CODEWITHSUNDEEP
c#
Anonymous
Anonymous

Reputation: 557

Insert 2 numbers into a byte

I need to insert 2 bits of data into a single byte.

First 3 bits (0,1,2) to contain a number between 1 and 5.

Last 5 bits (3,4,5,6,7) to contain a number between 0 and 25. [Edit: Changed from 250]

I tried:

byte mybite = (byte)(val1 & val2)

but to be honest I don't really know what I'm doing with bit operations although I had some help in reading this info from an earlier post which was great.

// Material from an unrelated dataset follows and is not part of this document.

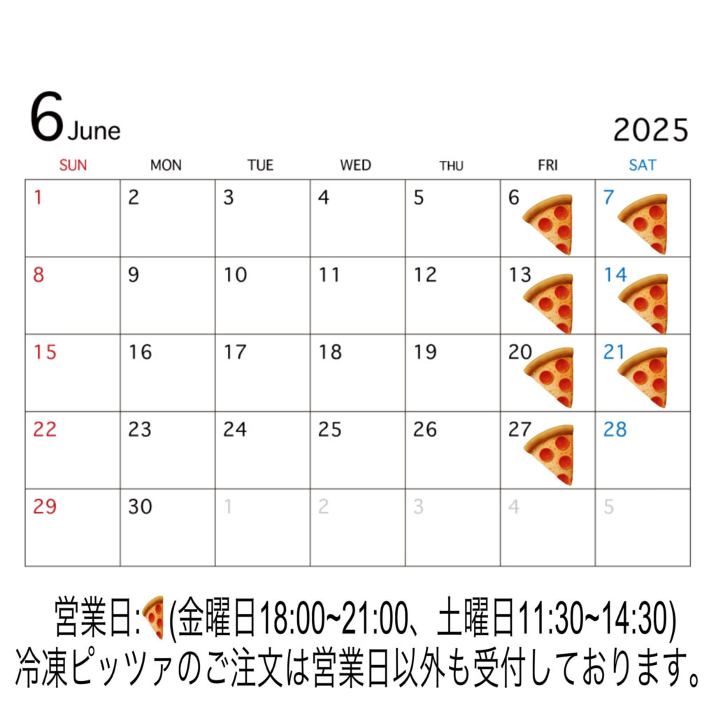 6月の営業カレンダーです。

This is how I read the info from a byte:

 // Advanced the position of the byte by 3 bits and read the next 5 bits
 ushort Value1 = Convert.ToUInt16((xxx >> 3) & 0x1F);

 // Read the first 3 bits
 ushort Value2 = Convert.ToUInt16((xxx & 0x7));

Thanks in advance.

Upvotes: 4

Views: 499

Answers (4)

user1429080
user1429080

Reputation: 9166

If I understand you question correctly, you are looking for a reverse operation to the one you had in you question.

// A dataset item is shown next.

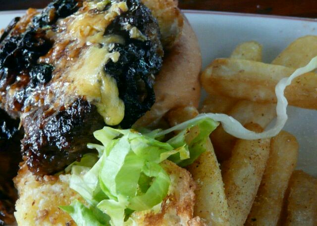Lunch was obtained in a vine-coveted courtyard at the back. Burger pour moi and quiche for her.

Here is how you can do that (ugly code with casts etc, but shows what's happening with the bits):

byte source = 0xA3; // source = 10100011 = 163
// get bits from source
byte lowbits = (byte)((int)source & 7); // lowbits = 00000011 = 3
byte highbits = (byte)((int)source >> 3); // highbits = 00010100 = 20

Note though that at this point, lowbits contains a value that is between 0 and 7 (not 0 and 5), while highbits contains a value that is between 0 and 31 (not 0 and 250). 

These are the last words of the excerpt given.